本当の最終の日は学校があって行くことができない。
「お待たせ。」
いつもの公園で君を見つける。
「あ、うん。」
「少し歩く?」
「うん。」
今日は空気が冷たい。予報によると雪が降るみたいだ。
「昨日の夕方に急いで選んできたから微妙な餞別の品だけど、受け取ってよ。」
僕は、二人で撮った写真とマフラーを手渡した。
「今日みたいに寒い日にはそれ着けてくれたら嬉しいよ。」
「ありがとう。
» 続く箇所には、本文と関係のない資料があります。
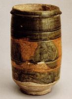 说 明: 整体造型呈筒式。陶胎较厚重,上白色化妆土。纹饰刻画简练。

これは?」
「この前、君が偶然か知らないけど、公園に来たときに撮った写真だよ。」
カメラのレンズを気にする振りをして撮った写真だ。あとでいたずらに使おうと思っていた写真がプレゼントになるなんて。
「ありがとう。大切にするね。」
君が少し笑った。
「いつ出発なの?」
「明日の朝だよ。」
明日なのは知っていたけど朝だったのか。
これはもう会えないな。本当に今日で最後みたいだ。
「ねぇ。運命って信じる?」
「え?」
「運命。信じる?」
この問いはどこかで聞いた覚えがある。 
「前も言ったけど、私は信じてる。また会えるよね?」
僕は運命なんてあまり興味はないけど、運命を信じてまた会えるならいくらでも信じる。

「うん。また会えるよ。きっと。」
そう僕が言ったあと君は微笑んだ。